# Transformation of Equations

## Linear Transformations

• Linear transformations involve adding, subtracting, multiplying or dividing both sides of an equation by the same amount.
• A simple example would be transforming the equation x = 2 to x - 1 = 2 - 1, thus giving x - 1 = 1.

• Quadratic transformations often involve rearranging equations into the form y = ax² + bx + c.
• For example, y = x² + 2x + 1 could be transformed to y = (x + 1)² for easier manipulation and graphing.

## Completing the Square

• Completing the square is a strategy used to transform a quadratic equation from standard form to vertex form.
• Vertex form is given by y = a(x - h)² + k, where (h, k) represents the vertex of the parabola.

## Cubic Transformations

• Cubic transformations involve changing the expression y = ax³ + bx² + cx + d.
• For example, a negative value of ‘a’ results in a vertically reflected transformation, while a value of ‘a’ greater than 1 or less than -1 gives a vertically stretched or contracted transformation.

## Rational Function Transformations

• Rational function transformations involve fractional expressions, where the numerator and/or denominator are polynomials.
• They often result in asymptotes, or lines that the graph of the function approaches but never touches.

## Exponential and Logarithmic Transformations

• Exponential transformations adjust the function y = a^x, while logarithmic transformations change the function y = log_b(x).
• For these transformations, remember the horizontal and vertical translations, flips, and stretching rules.

## Trigonometric Transformations

• Transformations of trigonometric functions include y = a sin(bx + c) + d and y = a cos(bx + c) + d where a, b, c and d each have different effects on the graph.
• Remember that amplitude is affected by ‘a’, period changes by ‘b’, horizontal shift by ‘c’, and vertical shift by ‘d’.

## Inverse Transformations

• Inverse transformations involve swapping the x and y values in the equation, which results in the reflection of the graph in the line y=x.
• The ‘inverse’ of a function can only exist if the function is one-to-one, i.e., each x-value corresponds to exactly one y-value.

## Transformations Involving Complex Numbers

• When involving complex numbers, transformations become more complex.
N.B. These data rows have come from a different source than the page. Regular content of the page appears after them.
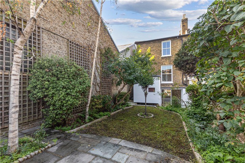 To the rear, the private east-facing garden has been thoughtfully landscaped with a paved patio, lawn, and trees, providing an ideal space for al fresco dining or outdoor entertaining.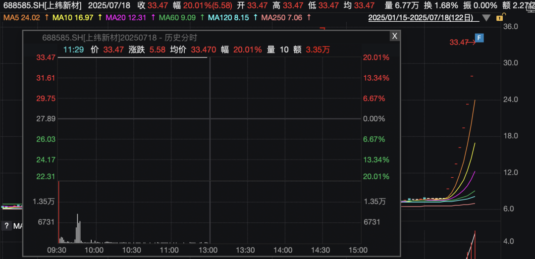 个股方面,多股涨势凌厉,其中上纬新材再度一字涨停,这是该股连续第八个交易日盘中涨停,公司股票7月以来累计涨幅已经高达330.21%。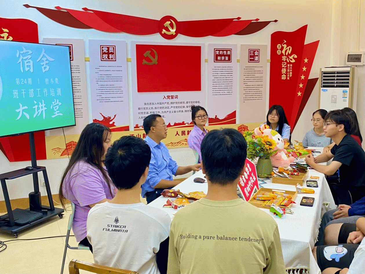 广西建院10月10日讯(管理工程学院 图文/孙文)10月9日晚,管理工程学院“红船精神”学生公寓党建工作室开展第24期宿舍大讲堂,校团委书记曾小贵受邀为该院学生干部作工作培训。本期讲堂聚焦提升学生干部综合素养和为群众服务的本领,加强学生干部队伍建设,推动青年工作走心抓实见效。曾小贵书记结合《乐鱼全球最大体育平台_乐鱼(中国)“第二课堂成绩单”制度实施管理办法(修订)》介绍了上学期管理工程学院“第二课堂成绩单”制度实施情况。...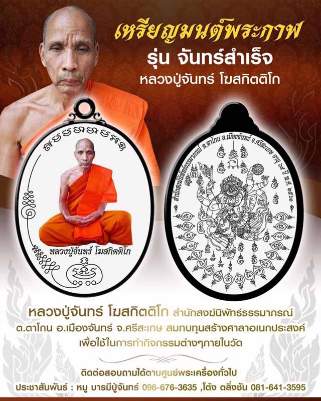 เปิดจองเหรียญมนต์พระกาฬ รุ่นจันทร์สำเร็จ หลวงปู่จันทร์ โฆสกิตติโก สำนักสงฆ์นิพัทธ์ธรรมาภรณ์ จ.ศรีสะเกษ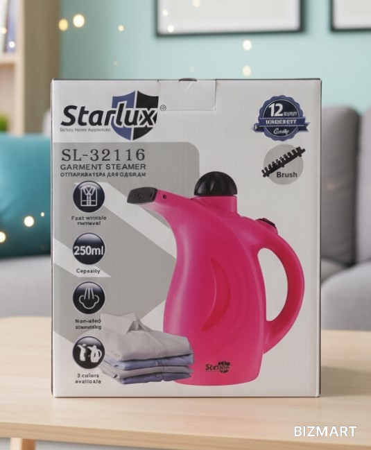 Отпариватель Starlux SL-32116 — это удобное и компактное устройство для быстрого ухода за одеждой. Он эффективно разглаживает складки, освежает ткани и устраняет запахи, не повреждая материал. Благодаря резервуару объёмом 250 мл прибор обеспечивает непрерывную подачу пара, что позволяет обработать несколько вещей за один раз.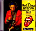 と、このようになっています。本作のマルセイユ公演は欧州大陸に移って2公演目。前後にドイツ公演を挟まれたコンサートでした。そんなショウを記録した本作は、6台に及ぶ絶景カメラでフルショウを目撃できる傑作映像。とは言っても、マルチカメラ編集ではありません。素晴らしい見晴らしのメイン・カメラでショウの大部分を通し体験しつつ、そこから漏れた4曲「Just Your Fool」「Paint It Black」「You Got The Silver」「Sympathy For The Devil」を別アングルで補完したもの(マルセイユ公演の映像が登場していない「Before They Make Me Run」のみ、シュトゥットガルト公演のテイクでフルショウ仕立てになっています)。曲間などにカットもあるため、厳密にはフルショウではありませんが、全曲分を現場感覚で楽しめる1枚なのです。そして、肝心のメイン・カメラは臨場感が素晴らしい。ステージ右寄りの1階席から斜めに捉えているのですが、高く掲げられているのか観客の頭上を飛び越え、遮蔽物なしでステージを直写している。しかも、ステージにも近く、花道も真横を通る。ワンカメではあるものの、ロニーの間近ショットからミックの背中越しに大会場のスペクタクルまで、多彩な光景で現場を一望できるのです。また、サウンドも光景に相応しく素晴らしい。間近に感じる逞しい芯が真っ直ぐに飛び込み、歌詞の1語1語までクリア。さすがに『MARSEILLE 2018』とは比較できないものの、歪みもない艶やかな録音は非常に聴きやすく現場の喧噪に負けない演奏と歌声に浸りきれるのです。そのクオリティで描かれるのは、最後のレア・ショウとでも言えるような一夜。実のところ、2018年も場数を踏むほどに定番が固まっていき、ライヴ毎の変化は少なくなっていきました。カーディフ以降、オープニングは「Street Fighting Man」が定番化し、毎晩変えていたキース・コーナーも「Before They Make Me Run」「You Got The Silver」に固定化。このマルセイユ公演もこうしたポイントは同じなのですが、日替わり曲に美味しい「Get Off Of My Cloud」「Fool To Cry」がセレクトされているのです。前者はカーディフ公演以来の2回目ですし、後者も衝撃的だったロンドン初日以来の2回目。シュトゥットガルト以降の3公演は、日替わり分も意外じゃないのが意外な感じでしたので、このマルセイユ公演はフレッシュな感触を味わえる最後のショウでもあるのです。ほぼリアル・タイムで追い続けてきた“NO FILTER TOUR”の映像レポート。そんな日々も終わりが近づいてきました。この夏最大のお楽しみを噛みしめる1枚。

The transformation z -> w where w = f(z) can create all sorts of interesting results, especially when visualised on the complex plane.
• Examples of complex transformations include translation, rotation, dilation and reflection. These involve different combinations of addition, multiplication, taking reciprocals and conjugates.

## Use of Graphing Tools

• Graphical tools or software can be a powerful way to explore and visualise the effects of mathematical transformations. Particularly for more complex transformations, graphing tool can help to quickly understand the impact and end result.